◆ Collection entries ◆
BEGIN
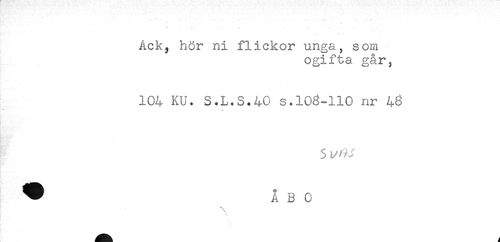 //// Ack, hör ni flickor unga, som //// ogifta går, //// 104 KU. S.L.S.40 s.108-110 nr 48 //// * //// - //// 3 ////
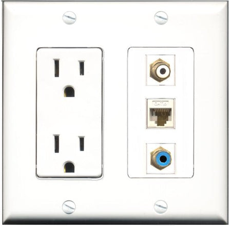 RiteAV - 15 Amp Power Outlet 1 Port RCA White 1 Port RCA Blue 1 Port Cat6 Ethernet Ethernet White Decorative Wall Plate
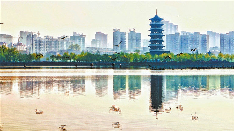4月7日,河南省柘城縣容湖國(guó)家濕地公園旭陽(yáng)初照,薄霧繚繞,湖面上鷺鳥(niǎo)飛舞,景色一新。近年來(lái),該縣致力打造高品質(zhì)城市綠化空間,讓群眾享受到自然、和諧、生態(tài)的園林綠化建設(shè)成果。(張子斌 攝)
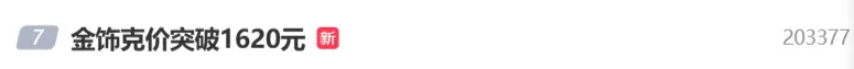 >金饰克价,涨至1620元
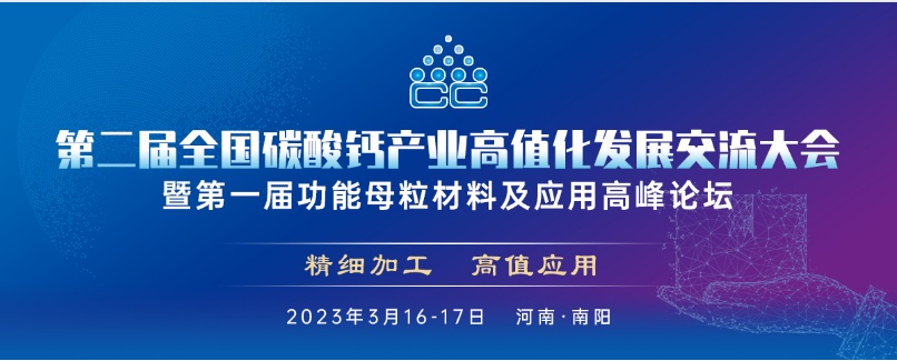 由中國粉體網(wǎng)的舉辦“2023第二屆全國碳酸鈣產(chǎn)業(yè)高值化發(fā)展交流大會(huì)暨第一屆功能母粒材料及應(yīng)用高峰論壇”,定于2023年3月16-17日在河南南陽世紀(jì)星假日酒店舉行。
END
◆ Task ◆
Output the span from the line with "4月7日,河南省柘城縣容湖國" through the last line of the data, inclusive and exact, and omit every picture.

◆ Answer area ◆
4月7日,河南省柘城縣容湖國(guó)家濕地公園旭陽(yáng)初照,薄霧繚繞,湖面上鷺鳥(niǎo)飛舞,景色一新。近年來(lái),該縣致力打造高品質(zhì)城市綠化空間,讓群眾享受到自然、和諧、生態(tài)的園林綠化建設(shè)成果。(張子斌 攝)
 >金饰克价,涨至1620元
 由中國粉體網(wǎng)的舉辦“2023第二屆全國碳酸鈣產(chǎn)業(yè)高值化發(fā)展交流大會(huì)暨第一屆功能母粒材料及應(yīng)用高峰論壇”,定于2023年3月16-17日在河南南陽世紀(jì)星假日酒店舉行。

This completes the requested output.